"Esto no es doloroso, lo que es un sacrificio es sobrevivir"
Marcelo Bustamante
Más de 120.000 personas peregrinaron ayer a Minas, para participar de la tradicional festividad religiosa y asistir al primer centenario de la inauguración de la venerada imagen, que cada 19 de abril renueva la fe y es requerida como «una madre que atiende a todos.»
La devoción popular nuevamente estuvo presente entre los uruguayos. Decenas de excursiones, largas caravanas de coches y un atestado tren desde Montevideo, trasladó a miles de devotos de la virgen del Verdún, pese a que el feriado que conmemora el Desembarco de los 33 Orientales fue trasladado para el próximo lunes 23.
Ayer se cumplió el primer centenario de la instalación de la imagen sobre la cima del cerro, cuya altura supera los 3 metros. El histórico 19 de abril de 1901 se inició la recurrente costumbre de venerar a la Inmaculada de Minas y pedir ayuda por los problemas cotidianos que aquejan a los uruguayos.
Todos los obispos católicos estuvieron presentes en la misa central oficiada a partir de la hora 10, excepto el arzobispo de Montevideo, monseñor Nicolás Cotugno, que permaneció en nuestra capital para asistir a una reunión de la Comisión Para la Paz. La eucaristía fue presidida por el propio nuncio apostólico.

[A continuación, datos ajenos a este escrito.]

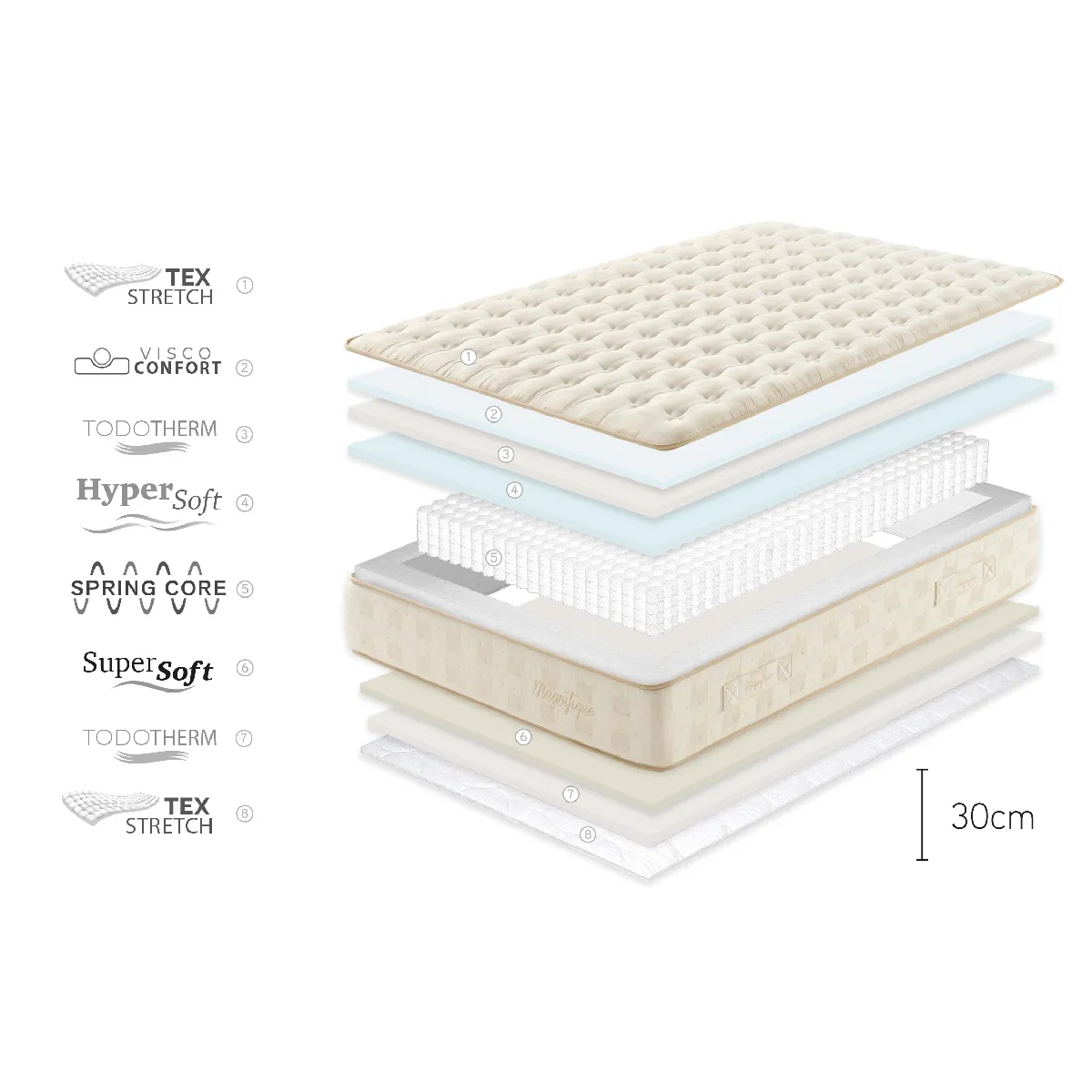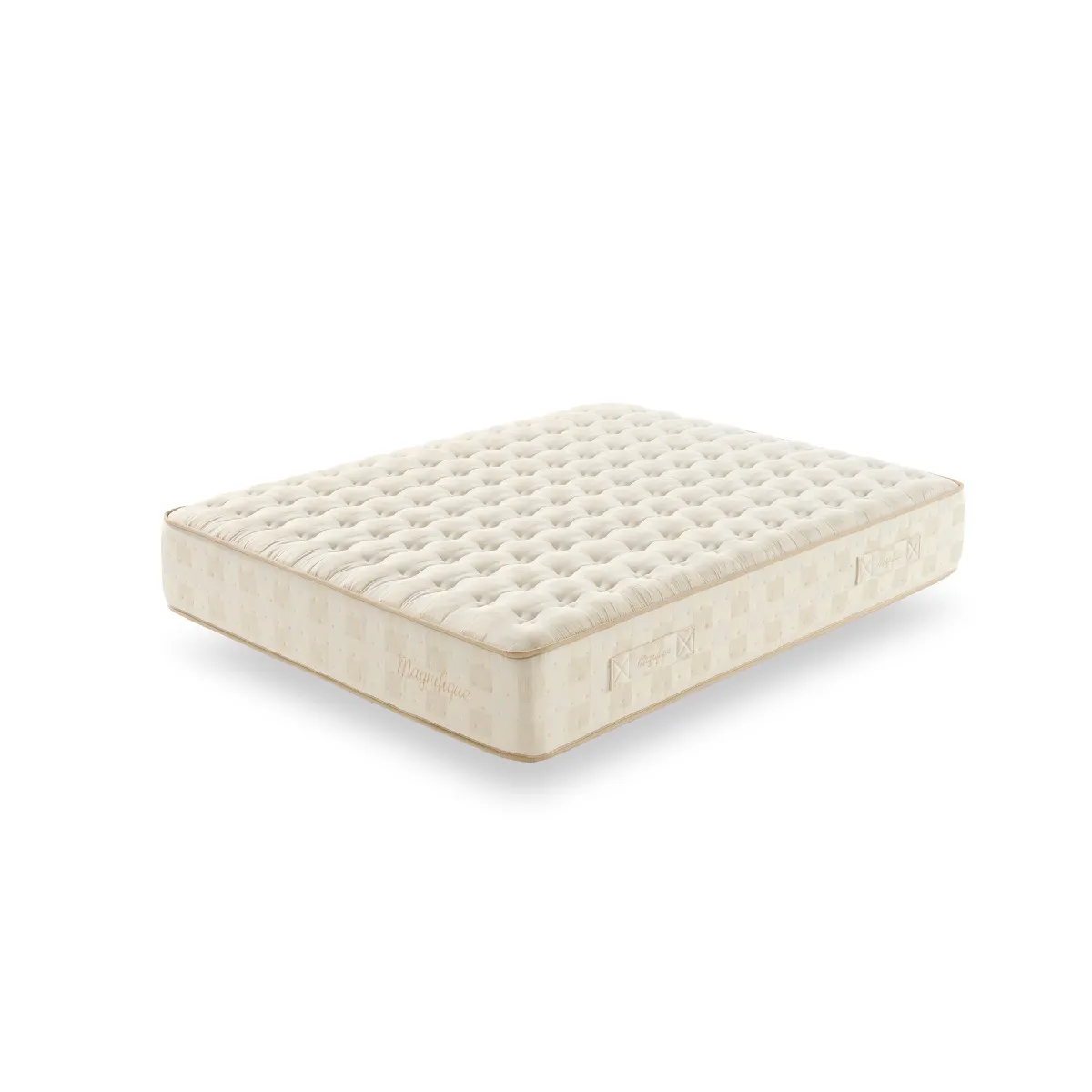 Le matelas Magnifique a été pensé pour ceux qui recherchent une expérience de sommeil incomparable. Il associe le meilleur de la technologie à ressorts ensachés à des couches de mousse à mémoire de forme et de mousse Hypersoft. Dune hauteur totale de 30 cm, il offre un soutien optimal pour toutes les morphologies et sadapte avec précision à chaque mouvement au cours de la nuit.

Fue un gran acontecimiento popular para todo Lavalleja. Más allá de lo espiritual, la región se benefició con el arribo de miles de personas que además de renovar su fe, consumieron en los puestos de comidas apostados en la falda del cerro y adquirieron estampitas y diversas imágenes de la virgen.
Todo estaba programado y funcionó bien. Los hoteles colmaron su capacidad de hospedaje e incluso niños minuanos asistieron a la celebración, para vender distintas hierbas y entregar a los peregrinos cañas a $ 5 cada una, que fueron utilizados como apoyo para «escalar» el cerro.
El sacrificio de sobrevivir
«Esto no es doloroso, lo que es un sacrificio es poder sobrevivir hoy en día», afirmó una señora que, descalza con una caña en su mano, pisaba con cuidado las piedras del camino y se trasladaba con lentitud.
La montevideana era acompañada por su padre, de 84 años, y otras dos personas de edad avanzada.
«Siempre venimos acá, le pedimos a la virgen y ella siempre nos concede lo solicitado», acotó la devota. «Hay que tener fe, porque es capaz de mover montañas. Además, hoy día con todos los problemas que existen, sin creer en algo, no se puede salir adelante».
Mientras avanzaban, muchos fieles admitieron no creer en curas ni en la iglesia, pero sí tener la certeza de la existencia de un ser superior que rige todo. «Vinimos el año pasado en tren y de mañana llovió permanentemente. Igualmente subimos hasta donde está la virgen y le hicimos los pedidos. Hoy (por ayer) también llegamos en el tren, pero esta vez nos dejaron lejos», se lamentó la devota.
Al llegar frente a una de las imágenes de Cristo en la pendiente del cerro, ya en un clima de mayor confianza, la peregrina montevideana dijo: «Agachate y tomá una piedra como esta del piso. Agarrala con fuerza con la mano derecha que te da suerte».
Muchas de las mujeres que participaban en la larga procesión llevaban consigo una piedra. Sabían que aún les quedaba un largo trecho para recorrer, pero que igualmente lograrían su propósito.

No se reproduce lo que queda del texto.